Data entries:
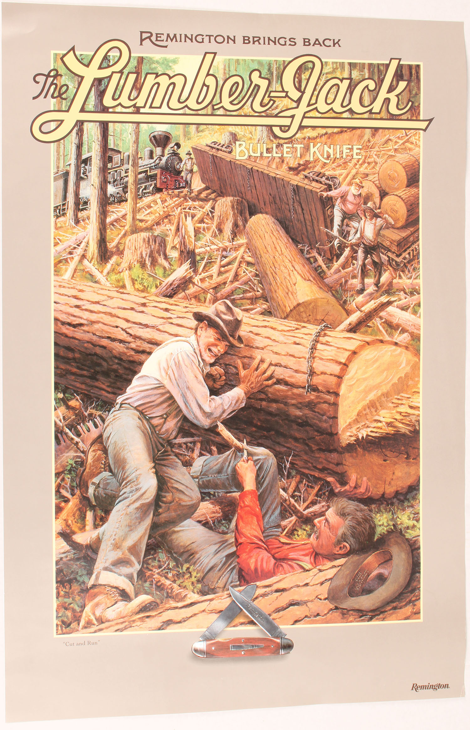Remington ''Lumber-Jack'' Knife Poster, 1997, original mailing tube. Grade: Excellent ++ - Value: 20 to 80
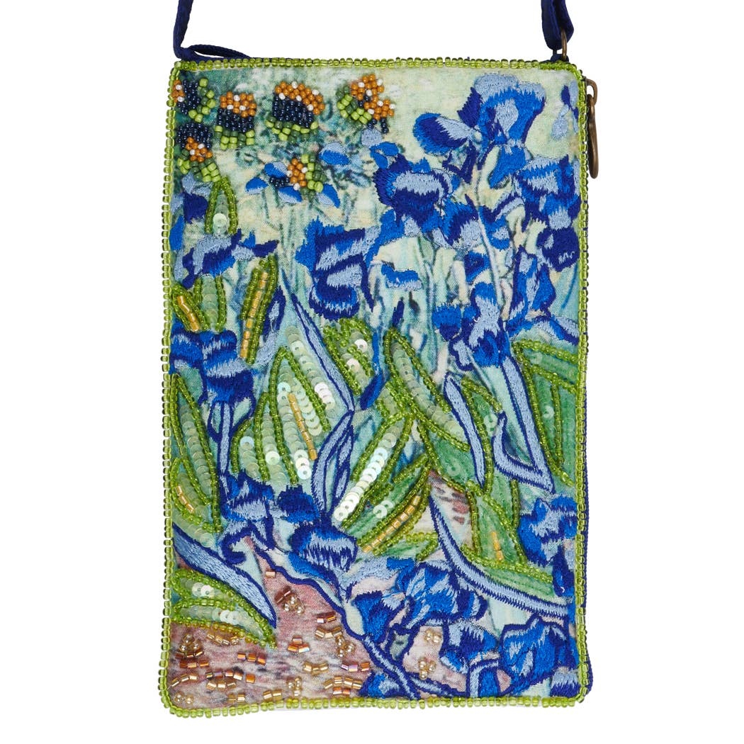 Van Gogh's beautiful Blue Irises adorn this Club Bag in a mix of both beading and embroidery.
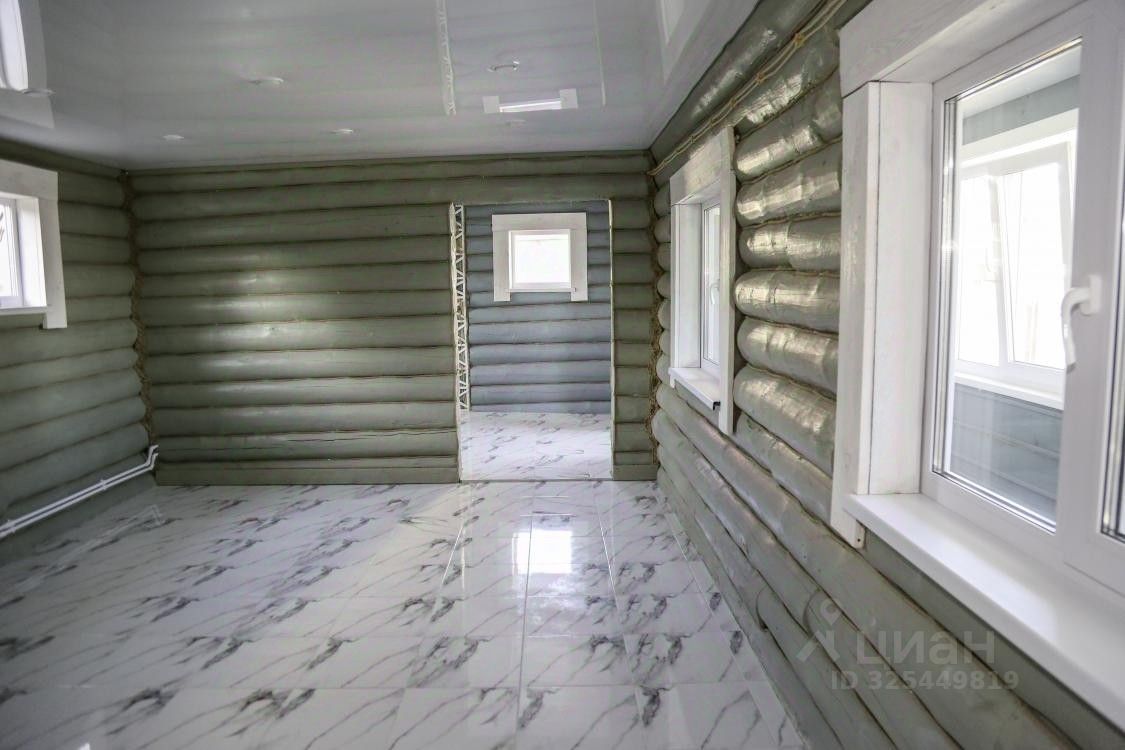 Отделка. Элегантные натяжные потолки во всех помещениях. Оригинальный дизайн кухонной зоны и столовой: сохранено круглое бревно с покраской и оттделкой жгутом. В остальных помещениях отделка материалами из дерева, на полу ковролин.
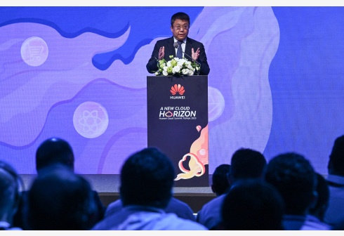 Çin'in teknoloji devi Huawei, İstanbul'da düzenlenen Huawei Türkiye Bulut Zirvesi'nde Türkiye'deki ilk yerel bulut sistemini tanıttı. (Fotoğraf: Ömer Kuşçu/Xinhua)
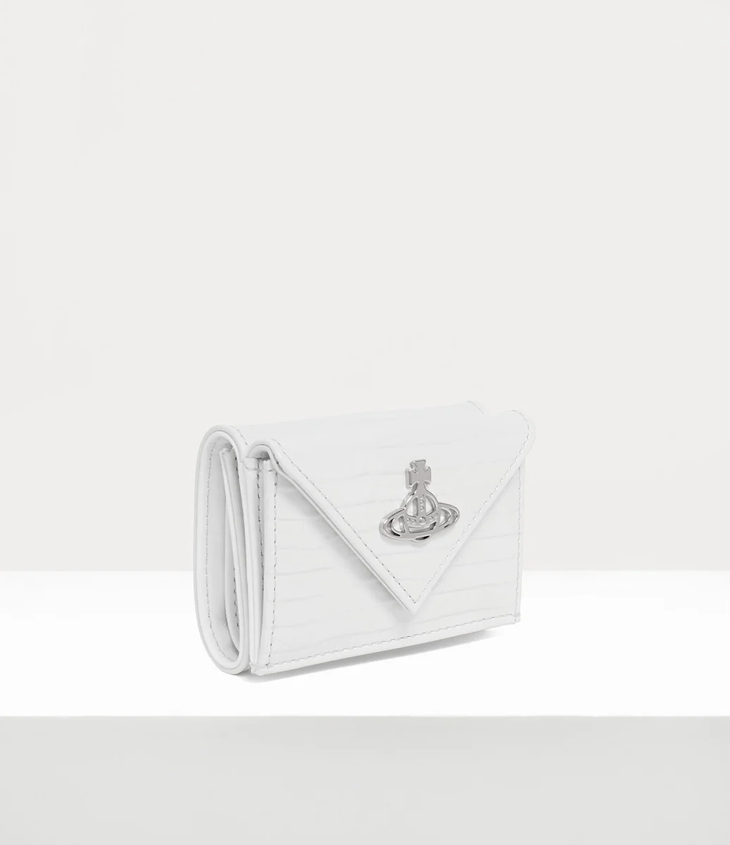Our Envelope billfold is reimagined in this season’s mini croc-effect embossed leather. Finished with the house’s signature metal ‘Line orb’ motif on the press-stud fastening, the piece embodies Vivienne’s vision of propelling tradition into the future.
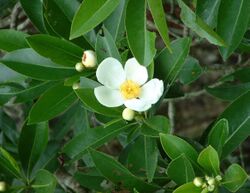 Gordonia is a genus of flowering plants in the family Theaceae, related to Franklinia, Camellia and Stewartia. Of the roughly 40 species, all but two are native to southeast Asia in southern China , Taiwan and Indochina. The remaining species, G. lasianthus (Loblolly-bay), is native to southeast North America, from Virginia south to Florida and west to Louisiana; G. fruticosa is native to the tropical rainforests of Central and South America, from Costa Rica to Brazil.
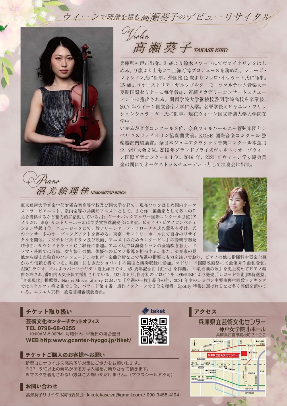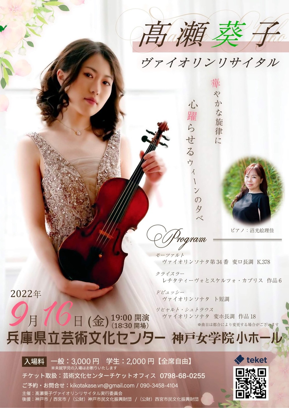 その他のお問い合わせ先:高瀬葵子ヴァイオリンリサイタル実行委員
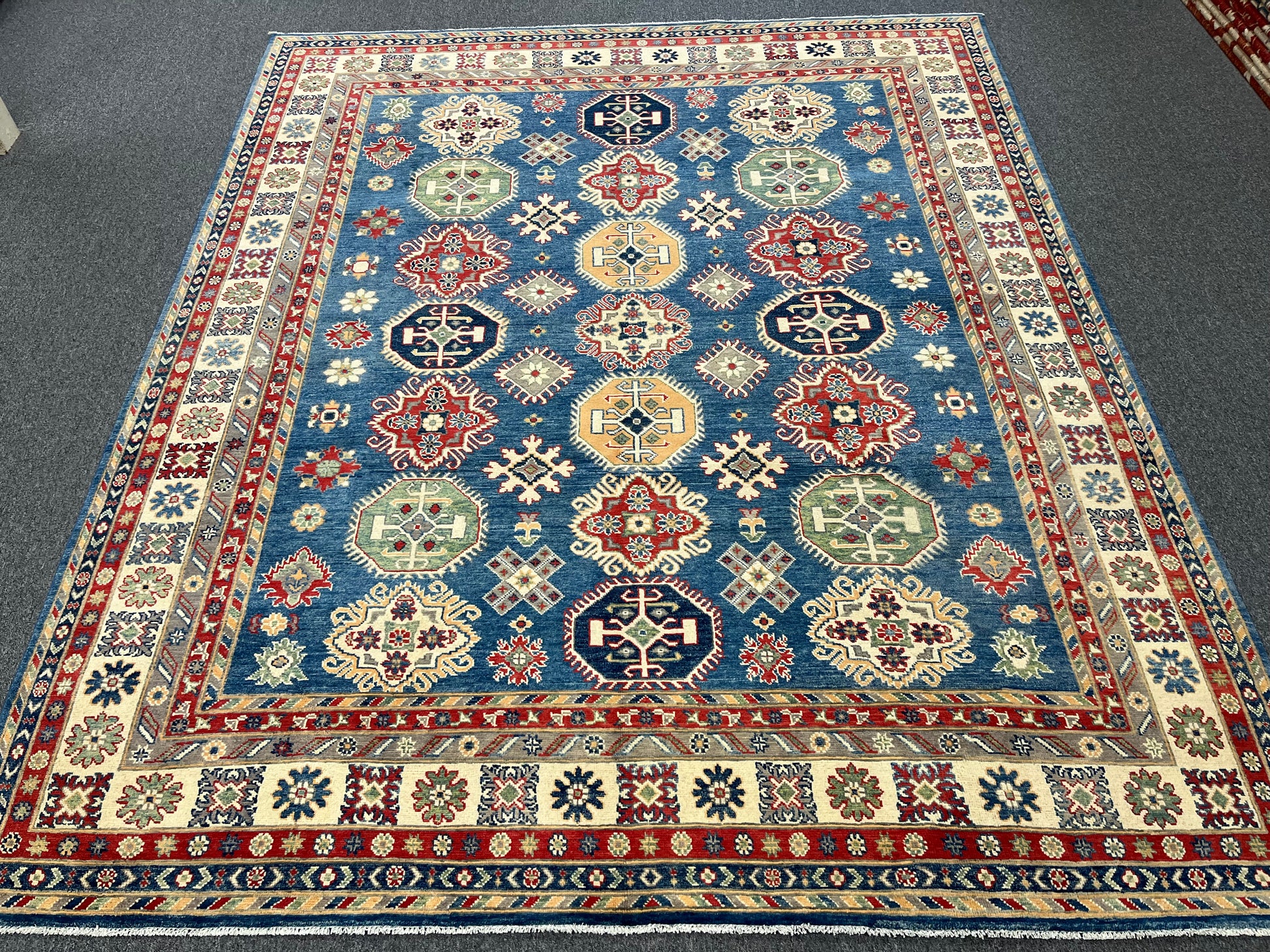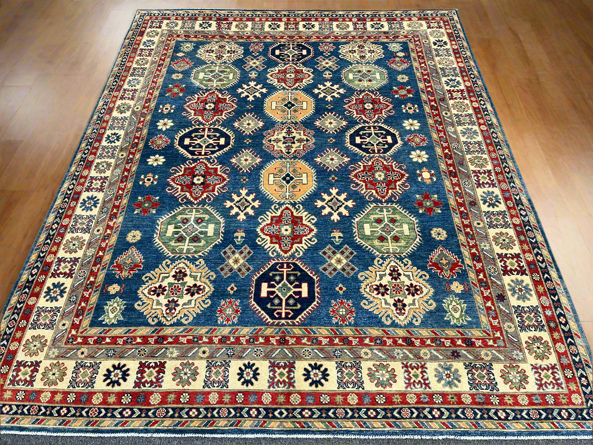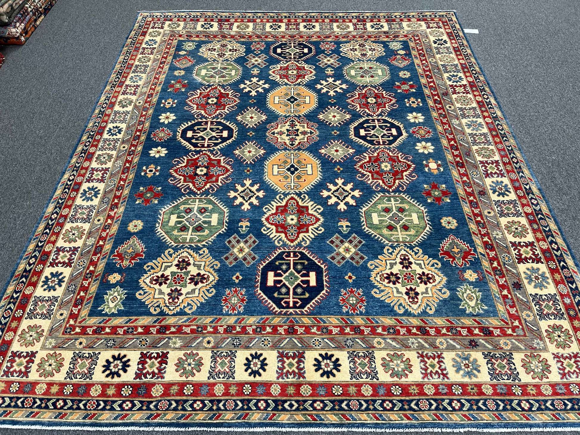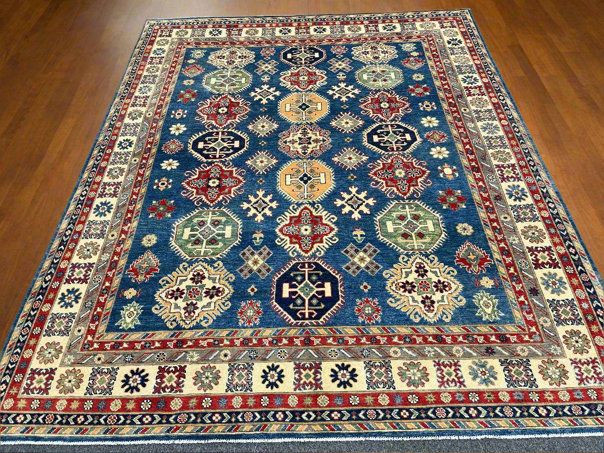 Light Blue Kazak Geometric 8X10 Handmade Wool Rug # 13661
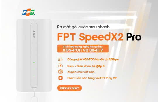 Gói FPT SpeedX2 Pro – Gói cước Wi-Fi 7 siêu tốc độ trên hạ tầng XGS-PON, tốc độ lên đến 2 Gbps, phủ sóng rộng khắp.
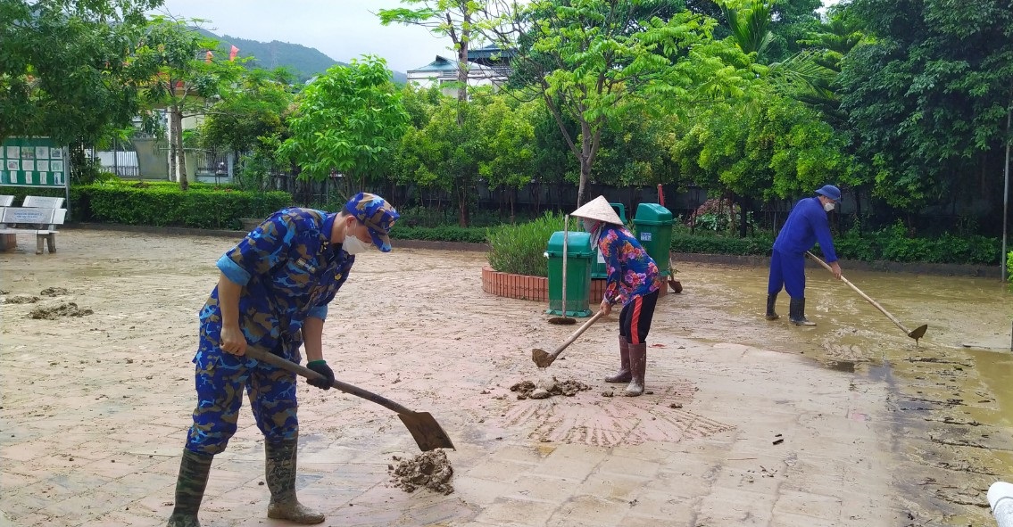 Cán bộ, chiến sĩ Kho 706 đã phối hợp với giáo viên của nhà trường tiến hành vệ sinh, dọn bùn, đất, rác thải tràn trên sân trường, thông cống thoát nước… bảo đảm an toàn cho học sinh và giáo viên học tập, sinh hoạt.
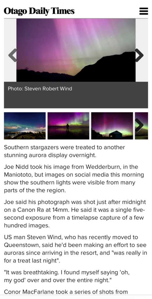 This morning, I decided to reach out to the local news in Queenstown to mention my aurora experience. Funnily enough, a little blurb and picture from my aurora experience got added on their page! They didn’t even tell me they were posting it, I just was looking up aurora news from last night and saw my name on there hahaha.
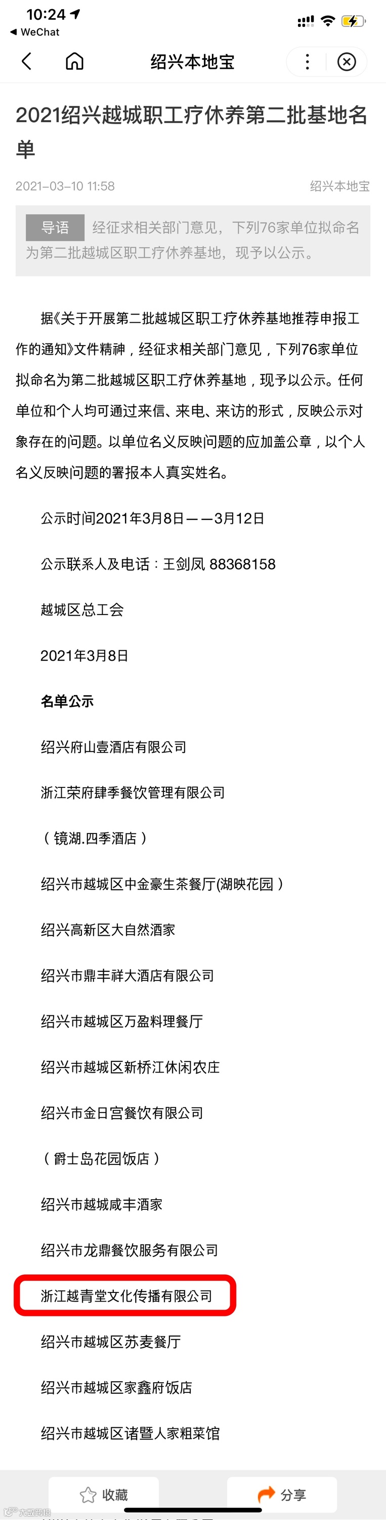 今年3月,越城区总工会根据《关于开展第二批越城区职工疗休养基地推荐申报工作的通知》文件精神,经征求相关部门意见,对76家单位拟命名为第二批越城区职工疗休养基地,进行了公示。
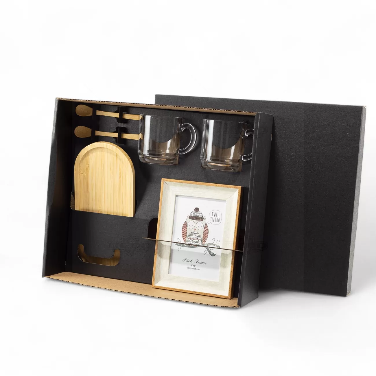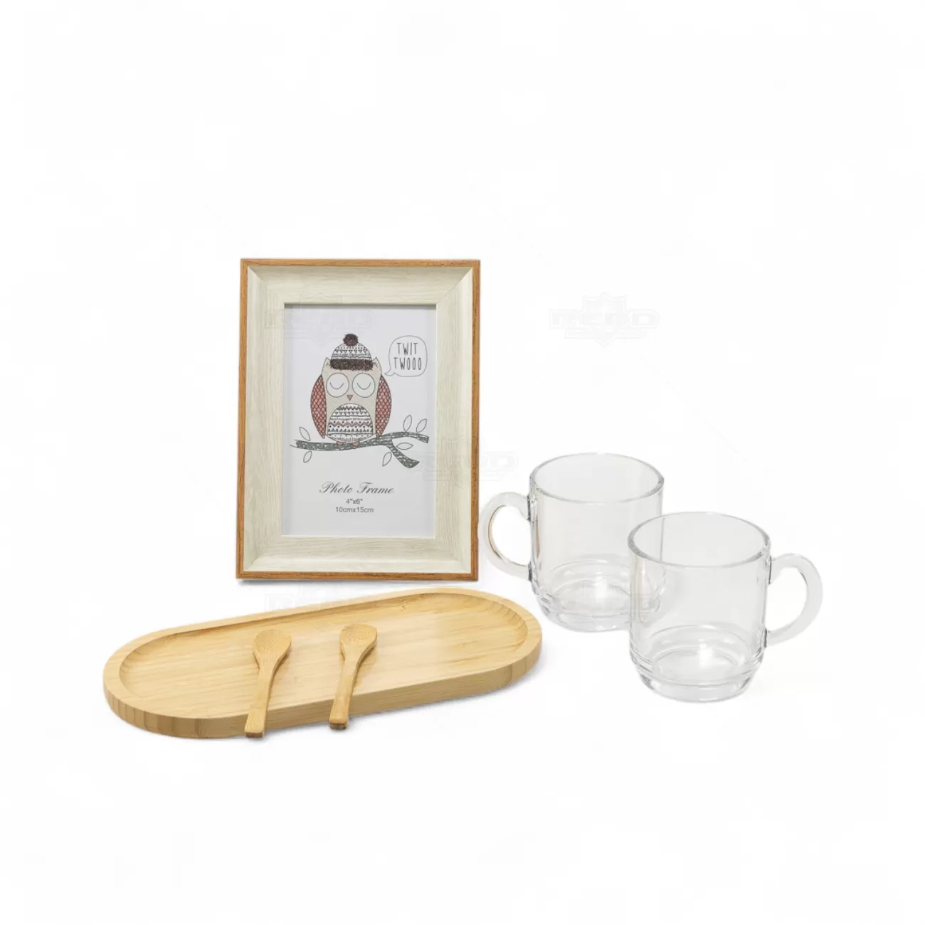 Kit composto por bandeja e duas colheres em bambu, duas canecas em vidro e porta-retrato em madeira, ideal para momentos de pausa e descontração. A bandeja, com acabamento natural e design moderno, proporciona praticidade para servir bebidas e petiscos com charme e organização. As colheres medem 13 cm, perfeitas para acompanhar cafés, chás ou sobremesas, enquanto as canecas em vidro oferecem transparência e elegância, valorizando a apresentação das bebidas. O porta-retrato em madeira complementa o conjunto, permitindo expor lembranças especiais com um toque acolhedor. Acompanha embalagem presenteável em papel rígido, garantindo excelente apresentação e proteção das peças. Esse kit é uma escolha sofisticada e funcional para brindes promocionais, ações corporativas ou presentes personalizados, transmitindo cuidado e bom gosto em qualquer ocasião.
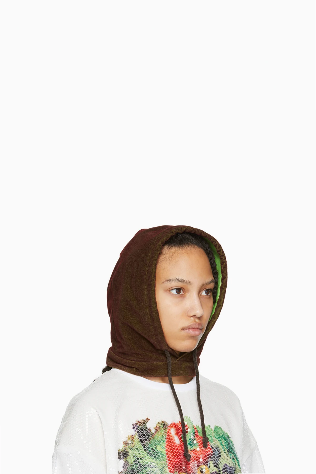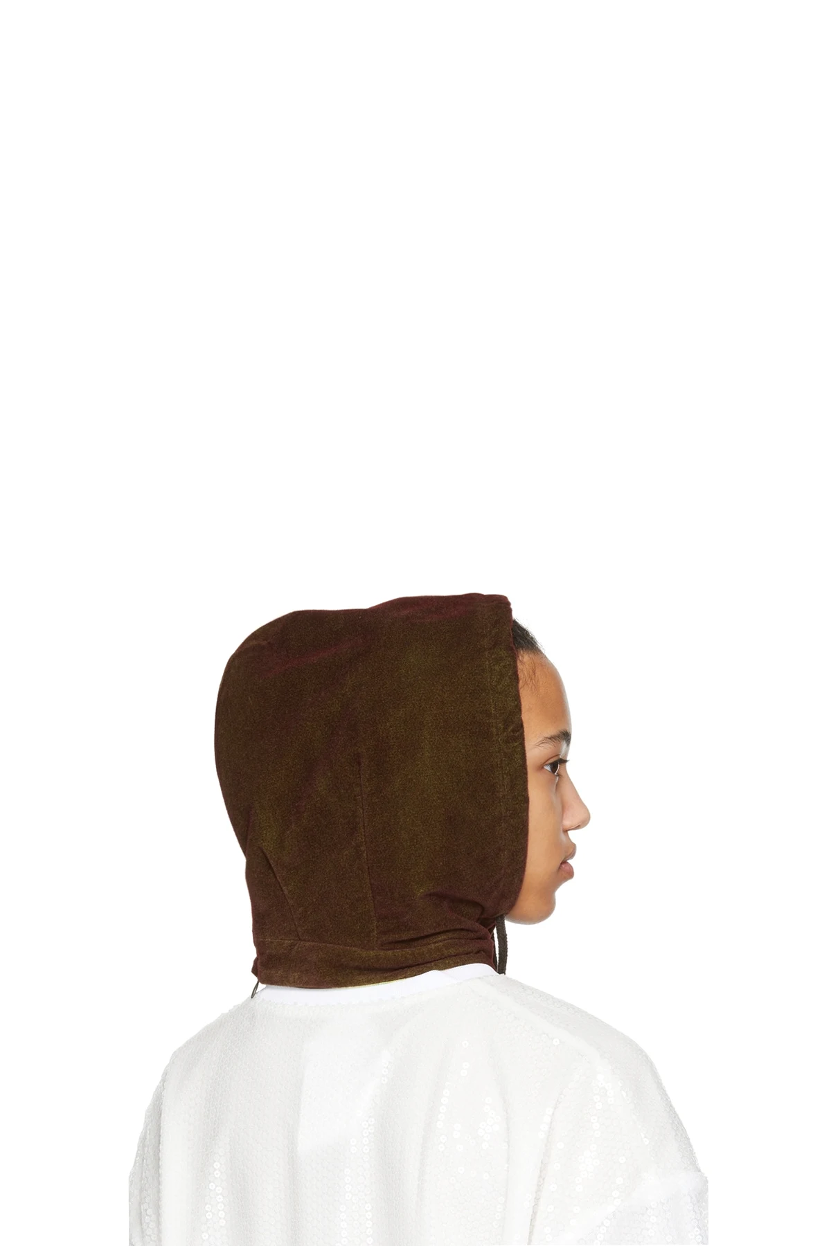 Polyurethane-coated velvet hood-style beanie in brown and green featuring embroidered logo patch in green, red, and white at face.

## Exercise details
Every line above between the one containing "Отделка. Элегантные натяжные" and the one containing "Light Blue Kazak", those two included, is to be printed exactly. No pictures go into the copy.

## Exercise answer
 Отделка. Элегантные натяжные потолки во всех помещениях. Оригинальный дизайн кухонной зоны и столовой: сохранено круглое бревно с покраской и оттделкой жгутом. В остальных помещениях отделка материалами из дерева, на полу ковролин.
 Çin'in teknoloji devi Huawei, İstanbul'da düzenlenen Huawei Türkiye Bulut Zirvesi'nde Türkiye'deki ilk yerel bulut sistemini tanıttı. (Fotoğraf: Ömer Kuşçu/Xinhua)
Our Envelope billfold is reimagined in this season’s mini croc-effect embossed leather. Finished with the house’s signature metal ‘Line orb’ motif on the press-stud fastening, the piece embodies Vivienne’s vision of propelling tradition into the future.
 Gordonia is a genus of flowering plants in the family Theaceae, related to Franklinia, Camellia and Stewartia. Of the roughly 40 species, all but two are native to southeast Asia in southern China , Taiwan and Indochina. The remaining species, G. lasianthus (Loblolly-bay), is native to southeast North America, from Virginia south to Florida and west to Louisiana; G. fruticosa is native to the tropical rainforests of Central and South America, from Costa Rica to Brazil.
 その他のお問い合わせ先:高瀬葵子ヴァイオリンリサイタル実行委員
 Light Blue Kazak Geometric 8X10 Handmade Wool Rug # 13661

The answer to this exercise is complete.